Work instructions » Leave out all pictures and retype exactly the lines from the one with "Laundry with Timber" through the last line of the material.

Supplied data »
----------

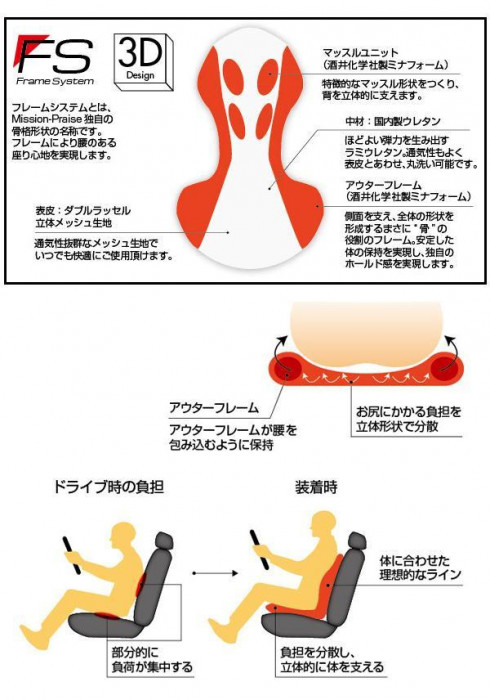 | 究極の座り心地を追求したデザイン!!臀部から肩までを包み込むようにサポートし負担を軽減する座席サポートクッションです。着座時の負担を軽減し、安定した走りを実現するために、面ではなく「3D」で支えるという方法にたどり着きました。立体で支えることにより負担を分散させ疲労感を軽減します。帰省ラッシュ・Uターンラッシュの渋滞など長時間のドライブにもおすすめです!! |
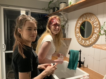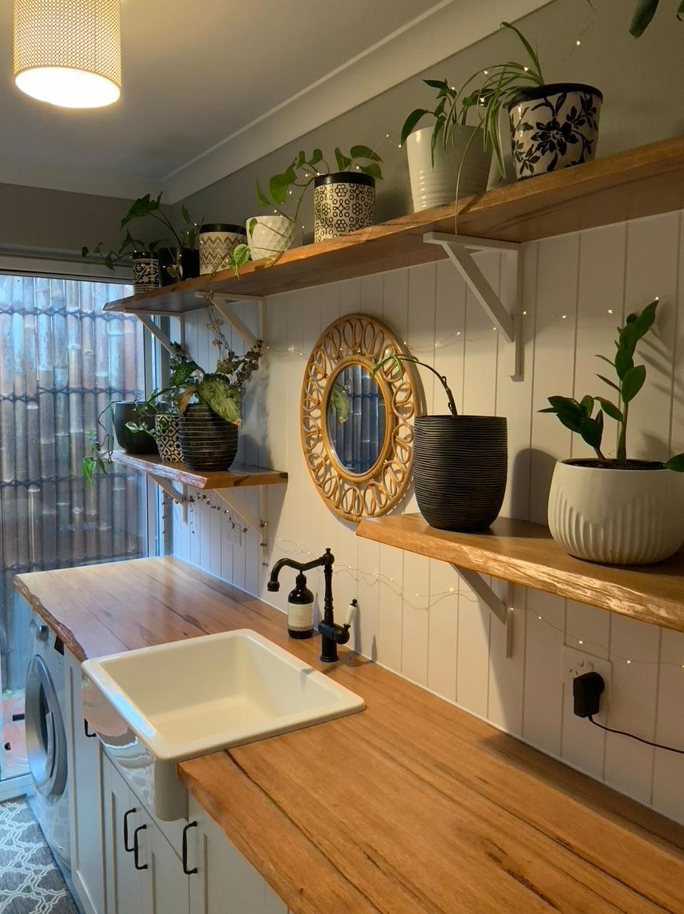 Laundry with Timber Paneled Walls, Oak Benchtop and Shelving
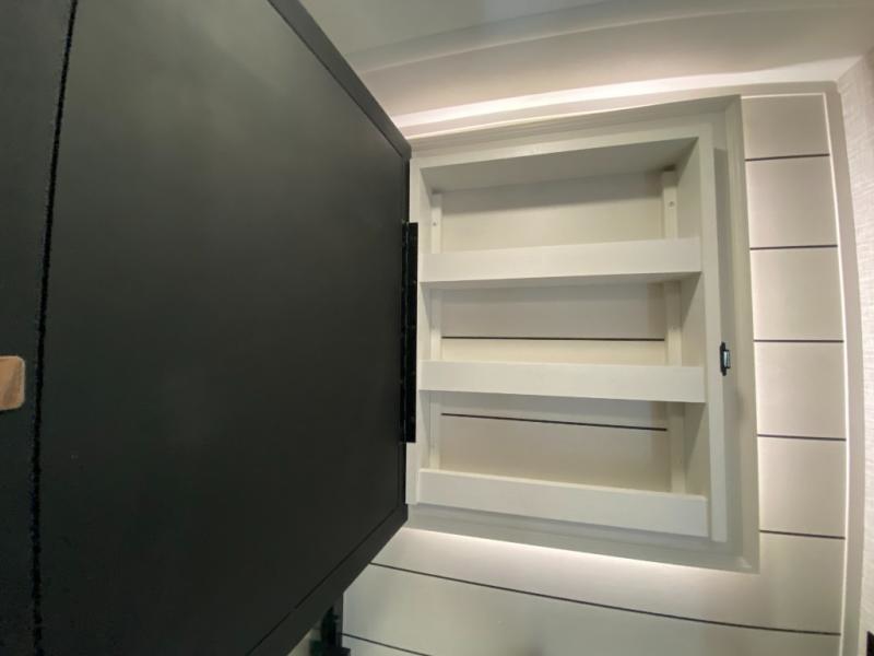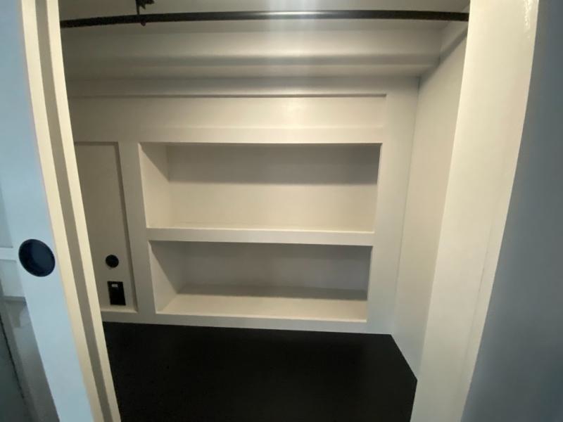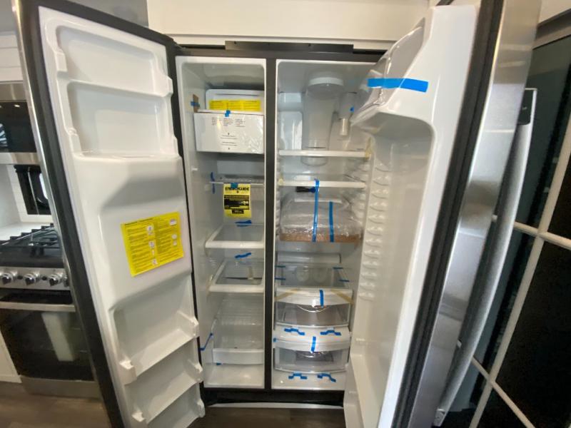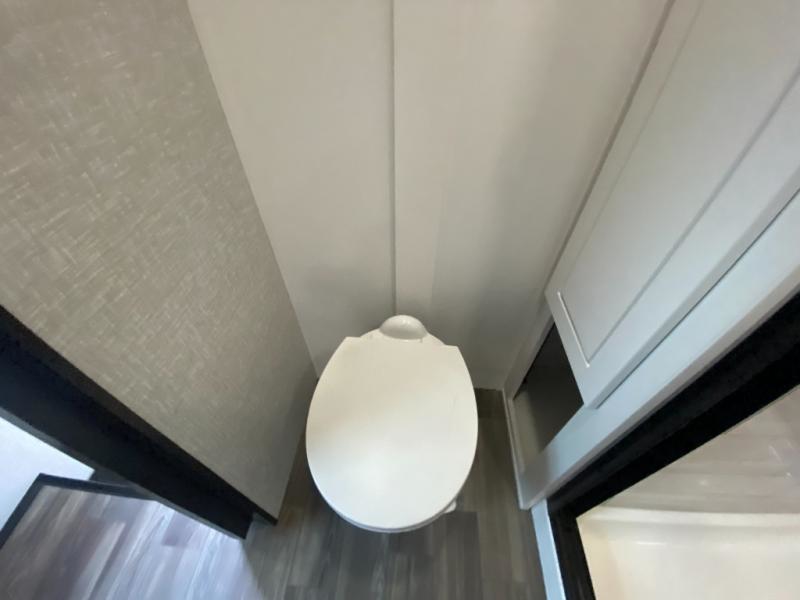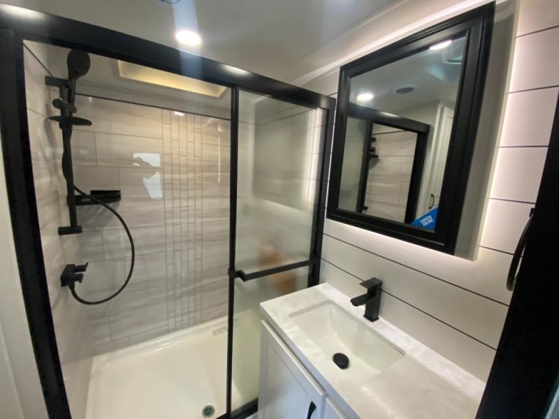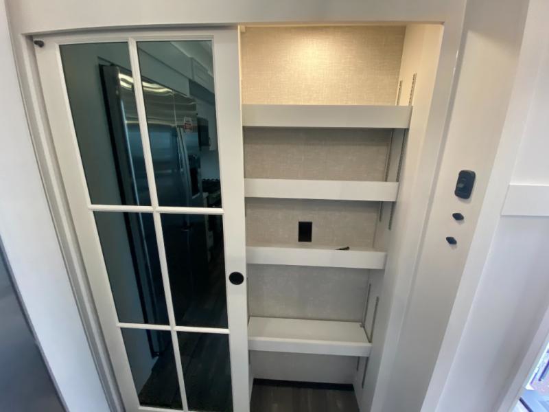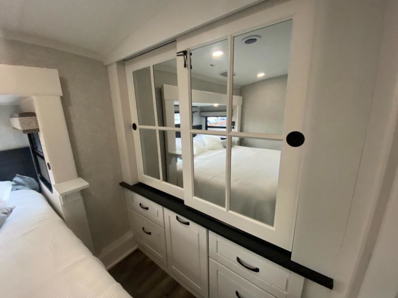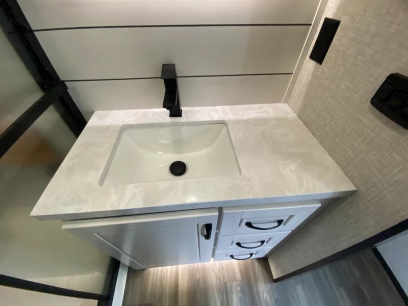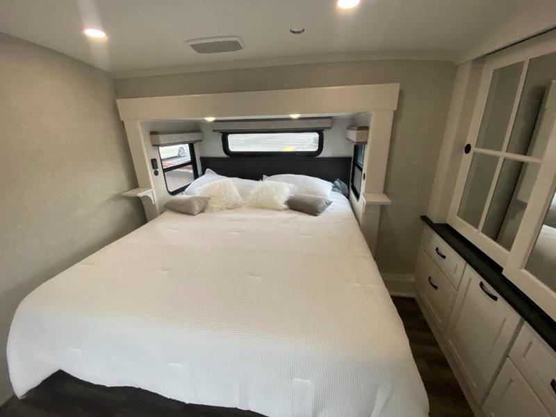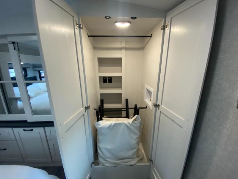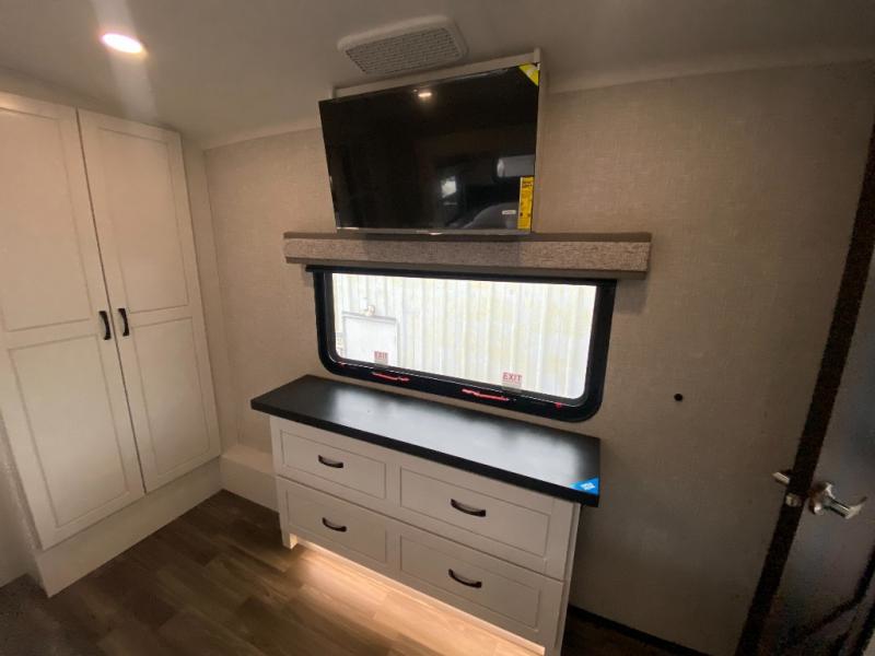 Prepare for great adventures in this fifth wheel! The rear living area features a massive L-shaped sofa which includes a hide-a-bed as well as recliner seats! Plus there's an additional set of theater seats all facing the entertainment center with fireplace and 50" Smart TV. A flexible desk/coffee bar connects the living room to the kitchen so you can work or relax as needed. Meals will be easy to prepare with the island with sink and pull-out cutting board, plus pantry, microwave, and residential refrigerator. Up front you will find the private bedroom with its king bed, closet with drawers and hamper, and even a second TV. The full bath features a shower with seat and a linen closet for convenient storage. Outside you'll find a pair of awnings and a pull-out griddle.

----------

Result of the exercise »
 Laundry with Timber Paneled Walls, Oak Benchtop and Shelving
 Prepare for great adventures in this fifth wheel! The rear living area features a massive L-shaped sofa which includes a hide-a-bed as well as recliner seats! Plus there's an additional set of theater seats all facing the entertainment center with fireplace and 50" Smart TV. A flexible desk/coffee bar connects the living room to the kitchen so you can work or relax as needed. Meals will be easy to prepare with the island with sink and pull-out cutting board, plus pantry, microwave, and residential refrigerator. Up front you will find the private bedroom with its king bed, closet with drawers and hamper, and even a second TV. The full bath features a shower with seat and a linen closet for convenient storage. Outside you'll find a pair of awnings and a pull-out griddle.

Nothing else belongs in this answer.